Call $A$ an HM-space if there is a continuous surjection $I\to A$ (where $I$ is the closed interval $[0,1]$). Note that if $A$ is an HM-space, then it is path-connected.

Theorem: If $X$ is path-connected, then the following are equivalent:

  1. $X = \bigcup_{n=1}^\infty A_n$ where each $A_n$ is an HM-space
  2. there is a continuous surjection $\mathbb{R} \to X$
  3. there is a continuous surjection $(0,\infty) \to X$
  4. there is a continuous surjection $[0,\infty) \to X$.

Proof: Clearly (2) and (3) are equivalent; let's prove (3) implies (1). If $f:(0,\infty) \to X$ is a continuous surjection, let $A_n = f([n-1,n])$. Then $A_n$ is evidently an HM-space and $X$ is the indicated countable union.

Now we show (1) implies (4). if $X = \bigcup_{n=1}^\infty A_n$ with each $A_n$ an HM-space, then we can choose surjective paths $\alpha_n: [2(n-1),2n-1]\to A_n$; write $x_n = \alpha_n(0)$ and $y_n= \alpha_n(1)$. Since $X$ is path-connected, we can find paths $\beta_n:[2n-1,2n]\to X$ from $y_n$ to $x_{n+1}$. Concatenating these paths gives the desired surjection $0,\infty) \to X$.
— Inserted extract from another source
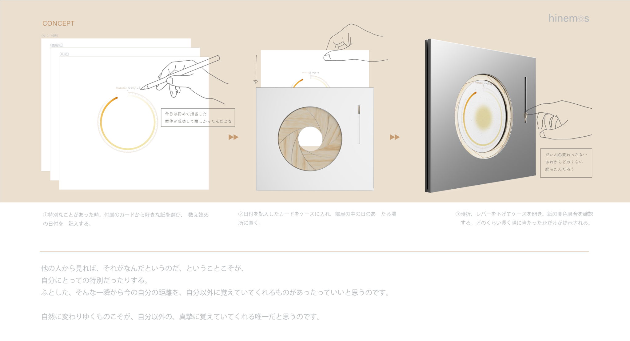 Hinemosは過ぎた時間の長さを語るカレンダーです。

Finally, since there is a continuous surjection $\mathbb{R}\to [0,\infty )$, (4) implies (2).$\quad \square$

Just musing: there is a partial order on spaces defined by $X< Y$ if there is a continuous surjection $Y \to X$. Hahn-Mazurkowicz classifies $\{ X \mid X < I\}$. The equivalence of (2), (3) and (4) shows that half-open intervals are "equivalent" to open ones (i.e., both $(0,1)< [0,1)$ and $[0,1) < (0,1)$); and closed ones are different, being compact. Finally, note that a Peano space (i.e., HM-space) $X$ is "equivalent" in this sense to $I$ if and only if it is the domain of a nonconstant continuous function $f:X\to \mathbb{R}$.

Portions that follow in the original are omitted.